## Work item
Begin at the line below that has "Принадлежности для школы". Stop after the line that has "For Nokia C12", repeating each line exactly and leaving out the pictures.

## Dataset excerpt
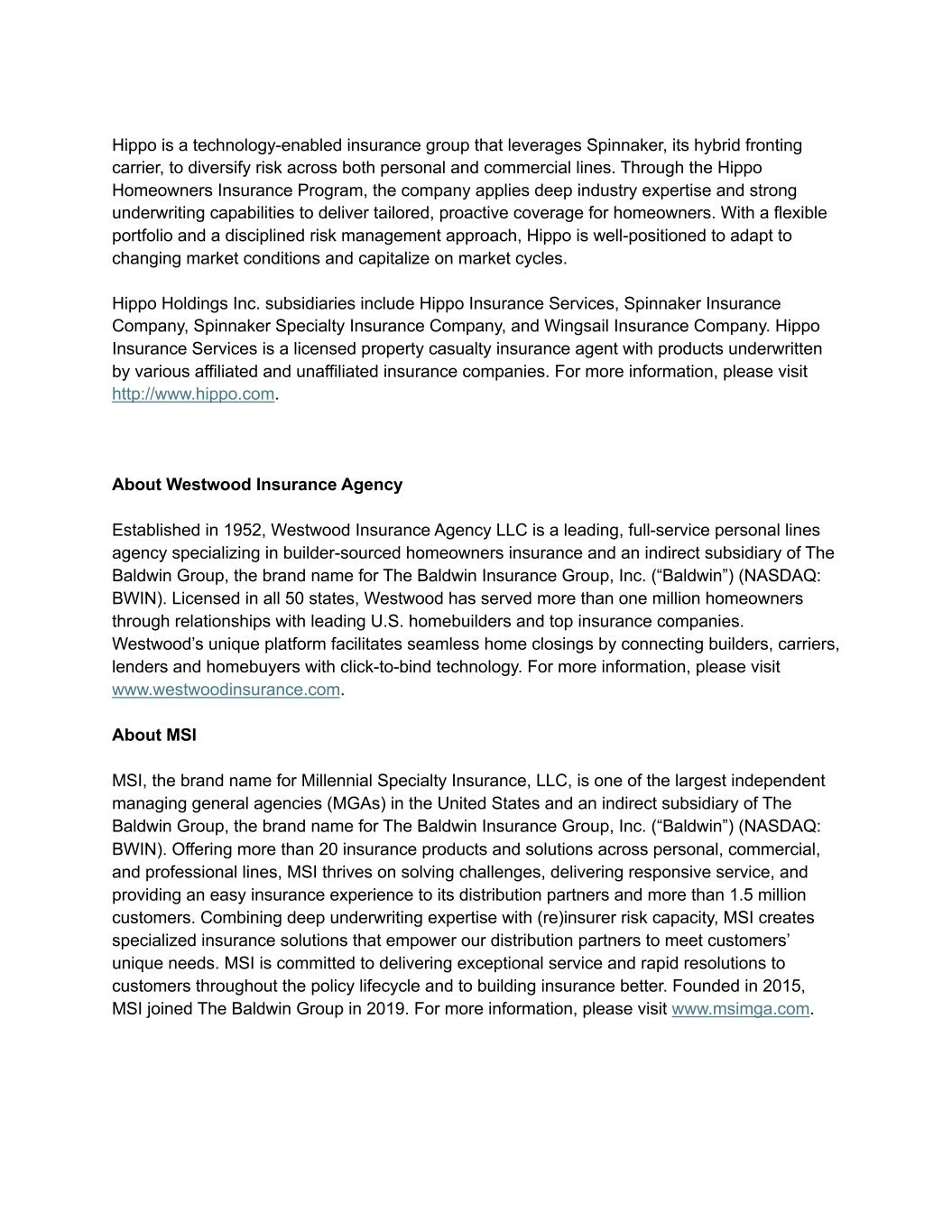 Hippo is a technology-enabled insurance group that leverages Spinnaker, its hybrid fronting carrier, to diversify risk across both personal and commercial lines. Through the Hippo Homeowners Insurance Program, the company applies deep industry expertise and strong underwriting capabilities to deliver tailored, proactive coverage for homeowners. With a flexible portfolio and a disciplined risk management approach, Hippo is well-positioned to adapt to changing market conditions and capitalize on market cycles. Hippo Holdings Inc. subsidiaries include Hippo Insurance Services, Spinnaker Insurance Company, Spinnaker Specialty Insurance Company, and Wingsail Insurance Company. Hippo Insurance Services is a licensed property casualty insurance agent with products underwritten by various affiliated and unaffiliated insurance companies. For more information, please visit http://www.hippo.com. About Westwood Insurance Agency Established in 1952, Westwood Insurance Agency LLC is a leading, full-service personal lines agency specializing in builder-sourced homeowners insurance and an indirect subsidiary of The Baldwin Group, the brand name for The Baldwin Insurance Group, Inc. (“Baldwin”) (NASDAQ: BWIN). Licensed in all 50 states, Westwood has served more than one million homeowners through relationships with leading U.S. homebuilders and top insurance companies. Westwood’s unique platform facilitates seamless home closings by connecting builders, carriers, lenders and homebuyers with click-to-bind technology. For more information, please visit www.westwoodinsurance.com. About MSI MSI, the brand name for Millennial Specialty Insurance, LLC, is one of the largest independent managing general agencies (MGAs) in the United States and an indirect subsidiary of The Baldwin Group, the brand name for The Baldwin Insurance Group, Inc. (“Baldwin”) (NASDAQ: BWIN). Offering more than 20 insurance products and solutions across personal, commercial, and professional lines, MSI thrives on solving challenges, delivering responsive service, and providing an easy insurance experience to its distribution partners and more than 1.5 million customers. Combining deep underwriting expertise with (re)insurer risk capacity, MSI creates specialized insurance solutions that empower our distribution partners to meet customers’ unique needs. MSI is committed to delivering exceptional service and rapid resolutions to customers throughout the policy lifecycle and to building insurance better. Founded in 2015, MSI joined The Baldwin Group in 2019. For more information, please visit www.msimga.com.
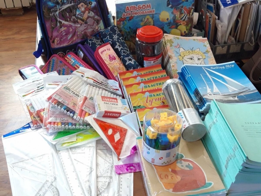 Принадлежности для школы собирались и для детей Донбасса. На деньги, пожертвованные благотворителями, приморское отделение партии изготовило и передало в город Торез 400 школьных рюкзаков для учащихся средних классов и 175 канцелярских наборов для младшеклассников.
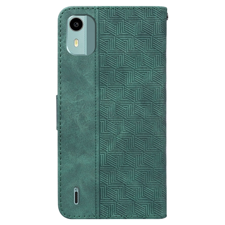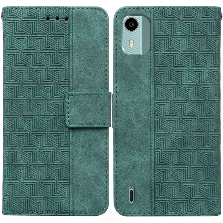 For Nokia C12 Geometric Embossed Leather Phone Case(Green)
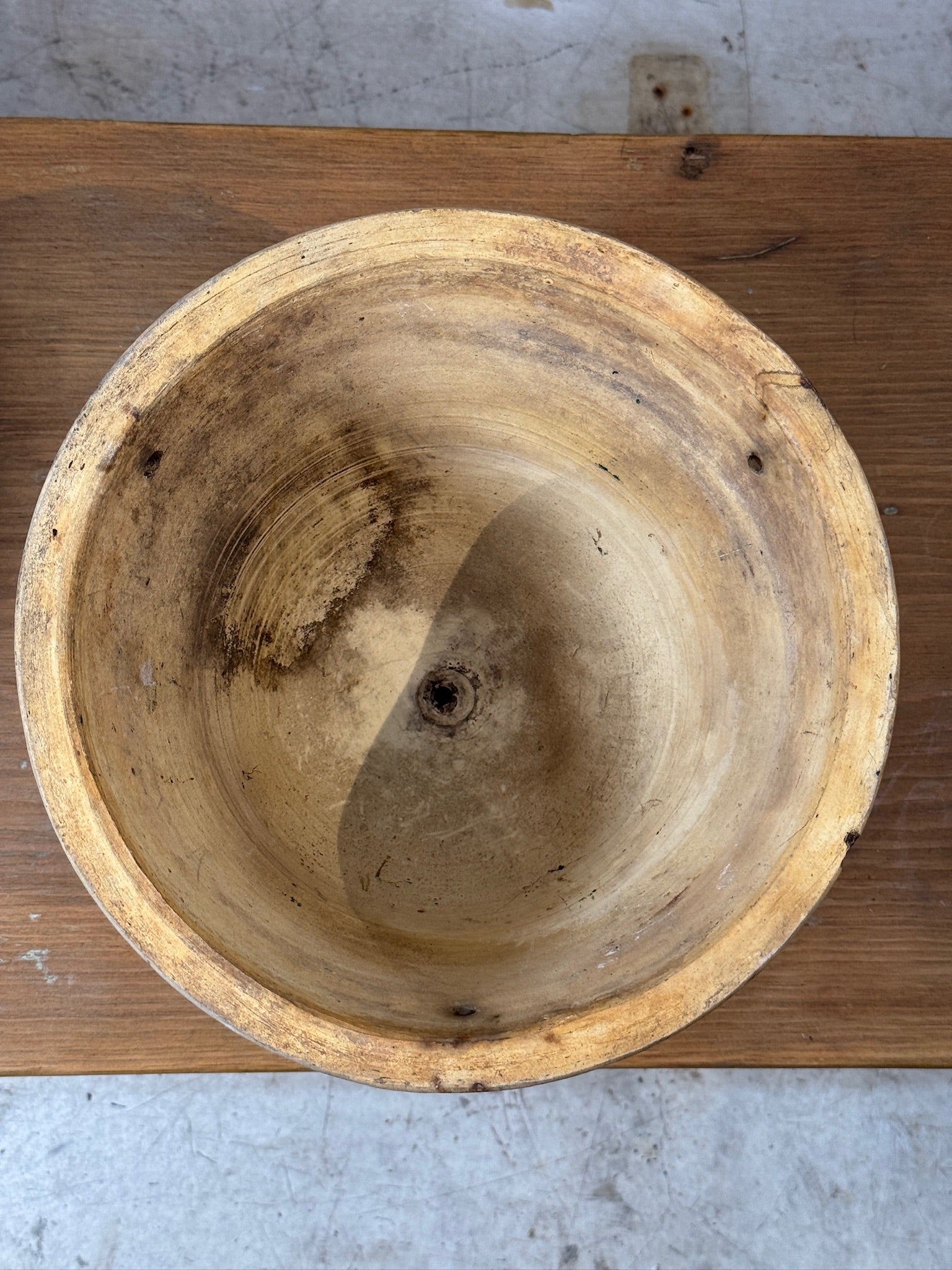 With drainage holes, this piece is both functional and decorative, making it perfect for use as a garden planter, patio accent, or an interior statement piece. The unique texture and character of the clay, aged over time, add to its appeal as a timeless artifact

## Output
 Принадлежности для школы собирались и для детей Донбасса. На деньги, пожертвованные благотворителями, приморское отделение партии изготовило и передало в город Торез 400 школьных рюкзаков для учащихся средних классов и 175 канцелярских наборов для младшеклассников.
 For Nokia C12 Geometric Embossed Leather Phone Case(Green)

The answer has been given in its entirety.